## Description of the task
Look through the data below for the line with "ХАРАКТЕРИСТИКИ НАСОСА MULTI TOP ОТ PEDROLLO" and the line with "Sinupret. Anwendungsgebiete: Bei", then output those two and all lines in between, exactly as written.
Start of Excerpted records
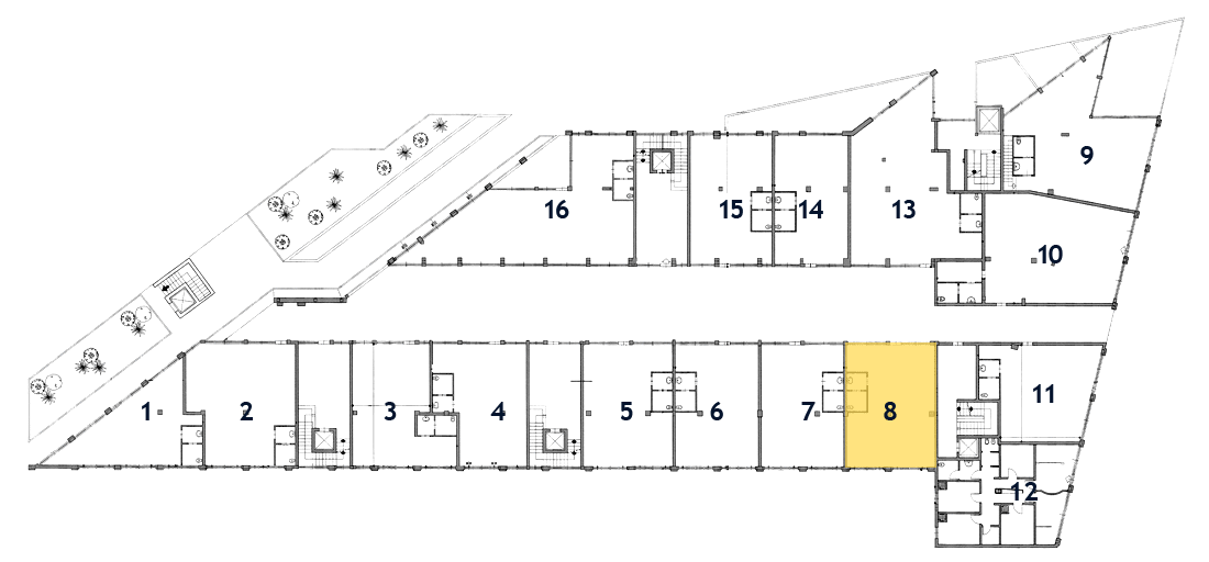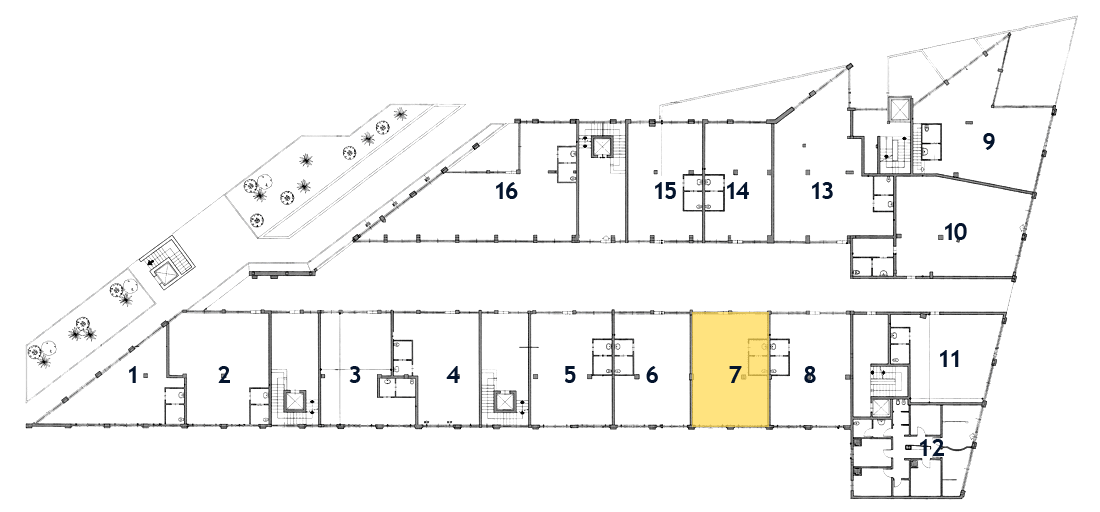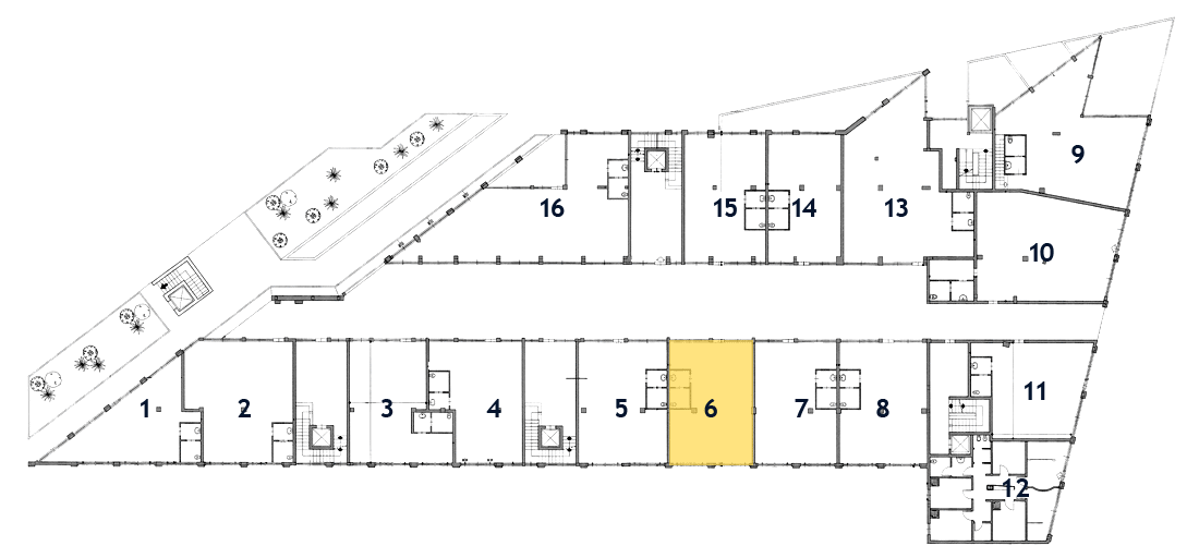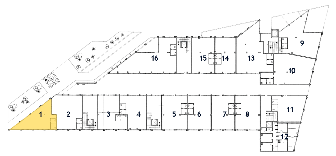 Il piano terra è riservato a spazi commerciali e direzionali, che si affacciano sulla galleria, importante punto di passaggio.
End of Excerpted records
Start of Excerpted records
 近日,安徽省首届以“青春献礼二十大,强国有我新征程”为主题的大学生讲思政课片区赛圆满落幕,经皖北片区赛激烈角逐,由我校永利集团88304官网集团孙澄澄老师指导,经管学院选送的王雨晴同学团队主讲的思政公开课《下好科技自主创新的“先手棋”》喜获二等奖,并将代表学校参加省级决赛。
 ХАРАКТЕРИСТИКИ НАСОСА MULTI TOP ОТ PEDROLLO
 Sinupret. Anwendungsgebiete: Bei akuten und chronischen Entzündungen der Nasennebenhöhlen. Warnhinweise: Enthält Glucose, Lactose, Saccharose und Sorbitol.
End of Excerpted records
## Answer to the problem
 ХАРАКТЕРИСТИКИ НАСОСА MULTI TOP ОТ PEDROLLO
 Sinupret. Anwendungsgebiete: Bei akuten und chronischen Entzündungen der Nasennebenhöhlen. Warnhinweise: Enthält Glucose, Lactose, Saccharose und Sorbitol.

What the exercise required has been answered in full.